# New to Wales



## RedCloudMC (Jul 19, 2008)

Well after the longest sale process in history, we've finally landed in Wales! Just bought a place near Welshpool and loving it. If you're in the Welshpool area and fancy swapping tips etc, just let me know. In the process now of converting a barn into a double garage...which is fun!

Cheers :thumb:


----------



## MA3RC (Jun 19, 2012)

Welcome to Wales


----------



## bazz (May 15, 2007)

welcome to wales fella


----------



## Edstrung (Apr 6, 2009)

Finally 

Well done fella, hope you settle in well


----------



## littlejack (Jun 11, 2008)

Welcome to wales :wave::thumb:


----------



## Phil H (May 14, 2006)

Welcome!!


----------



## wylie coyote (Jul 15, 2007)

Now you can put all those detailing products through a REAL test!! Winter in Wales.
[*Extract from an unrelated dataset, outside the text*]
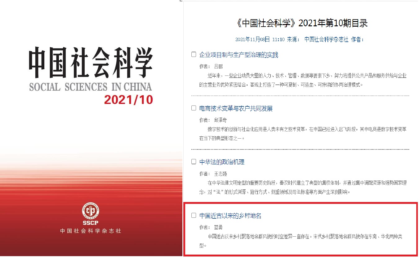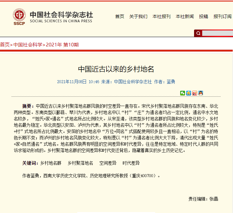 近日,伟德体育、历史地理研究所蓝勇教授《中国近古以来的乡村地名》一文在《中国社会科学》2021年第10期发表。该文认为:中国近古以来乡村聚落地名群风貌的时空差异一直存在。宋代乡村聚落地名群风貌存在东南、华北两种类型。东南类型以鄞县、琴川为代表,乡村地名中以“村”“庄”为通名者均占一定比例,通名中水文地名较多,“姓氏+家+通名”式地名所占比例较大。从宋至清,该类型乡村地名群的风貌和地名变化较少,乡村地名最为稳定。华北类型以安阳、泸州为代表,其乡村地名中以“村”为通名者所占比例较大,特别是“姓氏+村”式地名所占比例最大。安阳的乡村地名中“方位+同名”式搭配使用较多且一直相沿,以“村”为名的特色长期不变;而泸州的乡村地名风貌变化较大,特别是以“村”为通名者比例大大下降,清代出现大量“姓氏+家+自然通名”式地名。地名群风貌具有明显的空间差异和时代差异,往往是特定地域、特定时代人群的共同诉求驱动形成的。乡村聚落地名群的空间差异和时代变迁背后,隐藏着真实的乡土历史记忆。

Let the transformation into a Welshman begin.:lol:


----------



## MA3RC (Jun 19, 2012)

wylie coyote said:


> Now you can put all those detailing products through a REAL test!! Winter in Wales.
> 
> Let the transformation into a Welshman begin.:lol:


*all year round in Wales


----------



## mattjonescardiff (Dec 12, 2006)

Croeso i Gymru!


----------



## Ti22 (Mar 24, 2009)

Welcome!


----------



## Osarkon (Feb 20, 2011)

Welcome to the land of perpetual rain


----------



## RedCloudMC (Jul 19, 2008)

Thanks for all the warm welcomes guys.

I had noticed it likes to rain a bit here so have already cracked open the LSP for a top up to see me through to the winter prep early next month. Hopefully I'll have the garage finished by then and I can work away until the small hours...tinkering as they say :buffer:

Cheers again - loving Wales. Great roads (if full of tractors and tourists out our way) and, as a mountain biker too, some amazing riding. Spot on :thumb:

Ta


----------